From this, I am going to take as my main focus on enterprise search to improve the first page of results, rather than the more interesting - and sexy - information retrieval tools. When I hit the point of diminishing returns with relevance tuning, then I will turn to the more interesting IR items.
I'd like to see how the Google appliance would do on our content, given these results. The issues are: the Internet is homogeneous content, while our content is heterogeneous, there are no strong cross linking patterns within our content, and the breadth of our content is much smaller. People will tend to be looking for a known item, not general information on a particular topic.
Wednesday, May 23, 2007
Enterprise search: Why it’s a crisis and why Googzilla will strike by ZDNet's Larry Dignan -- Enterprise search is a mess and technology managers–as well as the vendors selling them stuff–are to blame. In the end, Google will take over the enterprise. Those were just some of the takeaways from Stephen Arnold, managing director at ArnoldIT.com. Arnold spoke at the Enterprise Search Summit in New York. Here’s his list of why [...]
Read this article, it is an interesting take on the future of enterprise search. Main point seems to be - people implimenting enterprise search are lazy and don't do the work they need to for a good implimentation.

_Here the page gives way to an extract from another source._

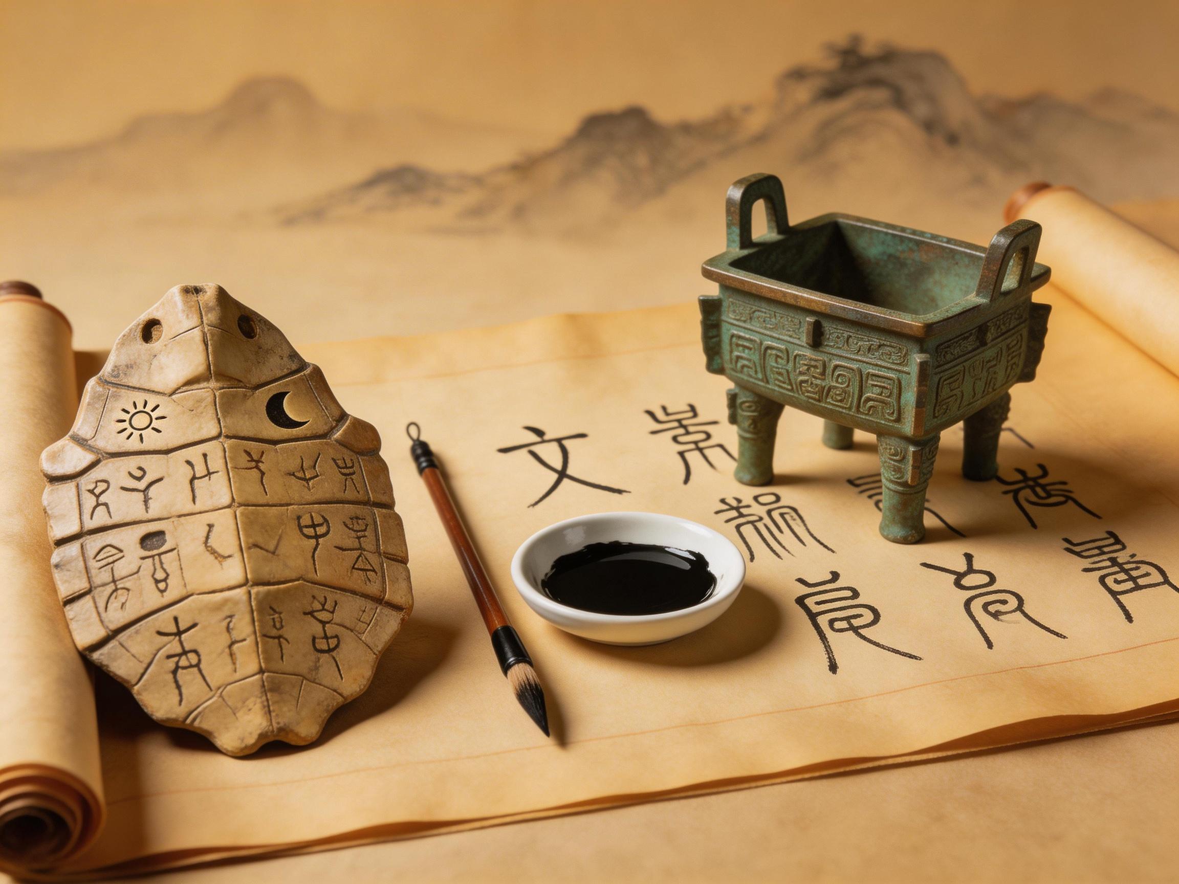 这套系统,代代相传。画着画着就简化了,写起来快了。到了商朝,甲骨文已经有了今天汉字的雏形。它不是某个人一拍脑袋设计出来的,而是几千年文化积累的自然产物。

I think Steve Arnold said as much last year, and the year before . . .
Wednesday, April 11, 2007
Friday, March 30, 2007
--- Technically, for those who care, I am using a F1 measure with equal balance between precision and recall because I am not sure which the user population prefers, at this time. I am also measuring precision and recall across 25 and 200 results. My ideal sets are sets of 25 documents, culled from a possible 1.5 million documents using queries generated by the "experts". ---
So anyway, I've been using all of our tools to try and find good articles on f-measure. Generally, I have found lots of web sites with f and measure near each other, but no good hits on the first page of results. The search engine Hakia did significantly better. It brought back only documents about the statistical tool known as F-measure. ONLY documents that were about the topic, no documents that are not about the topic! Do you know how rare that is? OutSTANDING!
Thursday, March 29, 2007
Quintara has an annoying usability issue. If you accidently mouse over an item on the left that you are not interested in, too bad. You're getting new results. Couldn't they make it take effect with an onclick rather then hover?
Wednesday, March 28, 2007
Monday, March 19, 2007
I was writing a email to a friend. When last we spoke, he had mentioned possibly buying a small plane for his personal use. I wanted to ask about the plane, but I could not remember the name of the plane he was considering. I thought the cloud tool might let me "berry pick" my way to the right company. I started with airplane, no luck. I then tried sport aviation, no luck. No matter which starting keywords I used, the cloud never seemed to lead to names of companies. I eventually gave up. I went to Wikipedia and delved into the general aviation section until I found a list of manufactures.
It is a good thing I committed to a month, otherwise I might not use this tool again.